Not since Niccolò Machiavelli walked the earth has there been such a gathering of calculating and ruthless political minds.
Suddenly there is a knock at the door. A heavy-set minder crosses the room and glares through a small peep hole before opening the door to let the newcomers in. Through the thick haze of cigar smoke emerge representatives of the Islamic Council and the Jewish Board of Deputies. They take their seats at the table as the unlikely cartel plans to divide the spoils of war…
This is of course an absurd, paranoid image. Fairies at the bottom of the garden stuff really.
But it’s the type of scenario put forward in parliament recently by NSW Greens MLC John Kaye in a blistering attack on religion that spared none.
In just five short minutes, Kaye accused Christians, Jews and Muslims of conspiracy; labelled the Catholic Bishop of Wollongong a liar; and suggested the Anglican Church had been taking lessons from the NSW Labor Right and was planning to branch stack local P&C meetings.
Kaye was responding to recent media reports that the Anglican Archdiocese of Sydney was encouraging its members to attend their local P&Cs as local committees discuss the NSW Government’s proposed changes to Special Religious Education (SRE) in state schools.
Heaven forbid that in a predominantly Christian country (64% to be exact) Christians, or people of any faith for that matter, would participate in local discussions as active members of their communities.
At least Dr Kaye had the decency to make his accusations against the Church in the mainstream press. His personal attack on Bishop Peter Ingham’s integrity however, was said in the Legislative Council under parliamentary privilege.

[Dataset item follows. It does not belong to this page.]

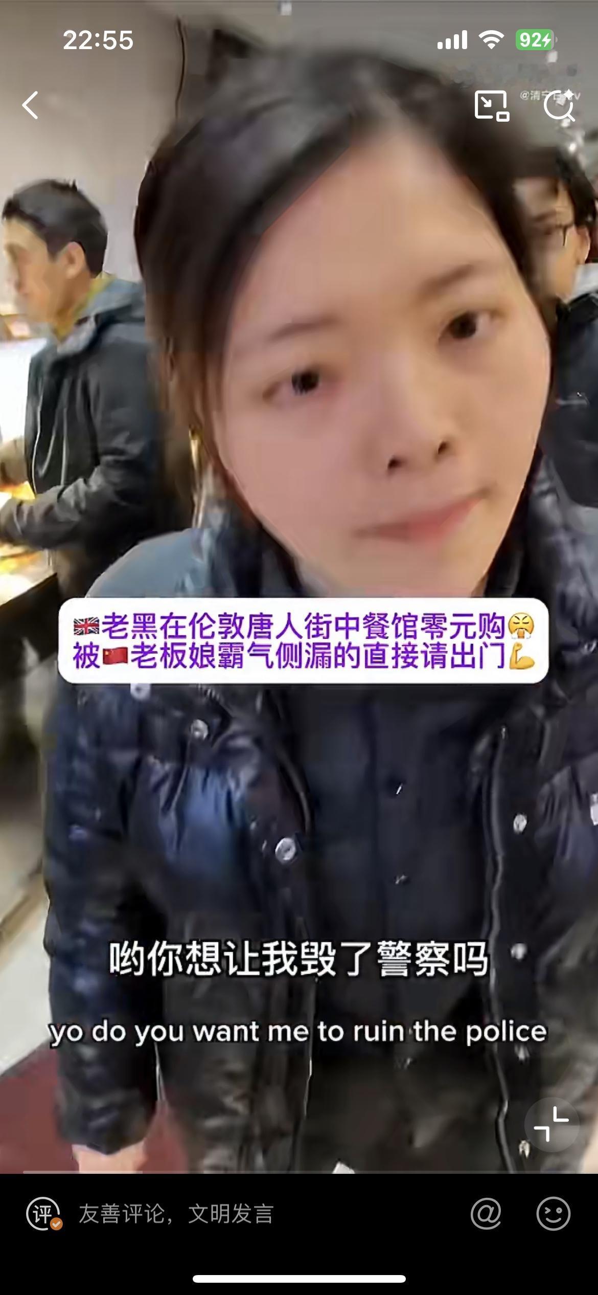 这个老外跑到伦敦唐人街餐馆想吃白食,被老板娘怒斥,赶出去了。这个老板娘开了一家自助中餐馆,老外没有付16英镑,就想拿盘子打菜,老板娘叫他把盘子放下,赶紧滚出去,别影响做生意。对于这些白嫖的人,一定不能惯着,就是要强硬回应,他们是吃软怕硬的。

He accused the Bishop of lying about the legality of the Keneally Government’s trial ethics programme. It is one thing to pull the Bishop up on a factual inaccuracy; it is another thing entirely to ascribe to him sinister motives and to accuse him of lying.
Kaye himself is guilty of stretching the truth when it comes to religious education in schools. In a 2007 press release yet again targeting religious education, he made the exact same mistake as Bishop Peter and confused the Education Act with government regulation, suggesting that NSW legislation forbids children who opt out of religious education from undertaking other educational activities. As Dr Kaye well knows, this is wrong.

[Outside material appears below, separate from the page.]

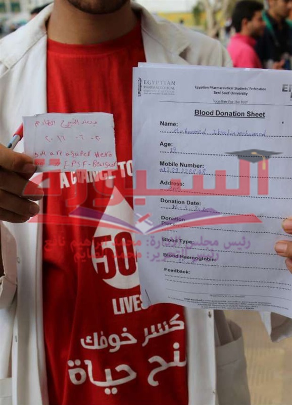نظم مكتب الاتحاد المصري لطلاب الصيدلة بجامعة بني سويف "EPSF-BeniSuef"، حملة توعية للتبرع بالدم، تحت شعار "اكسر خوفك .. امنح حياة" على مدار أسبوع كامل خلال شهر مارس الحالي.

The most astonishing thing about Kaye’s rant is that he is a member of a political party that is trying to position itself as the third force of Australian politics.
However no Australian political party can try to pass itself off as being mainstream as long as it ignores the fact that the overwhelming majority of Australian’s profess to hold religious beliefs.
Trying to shut people out of the debate because they hold to a particular religious world view is neither helpful nor practical. Kaye’s outburst raises serious questions about the Greens’ commitment to religious freedom. Unfortunately it is a trend being repeated continuously by the Greens across Australia.
For example in Victoria, the Greens were behind a push which began in 2008 to have the Government remove the ability of Christian and other faith-based organisations to hire people who share their faith and values.
Had it been successful, such a move would clearly have been a backward step, undermining religious freedom in this country. It is not a policy worthy of a credible political party.
If the Greens hope to be taken seriously by the Christian constituency in the lead up to the Federal, Victorian and NSW elections, all three due within the next ten months, they will need to do a lot of work to convince people they are not “anti-faith”.
Putting an end to vitriolic and personal attacks on church leaders under parliamentary privilege would be a good start.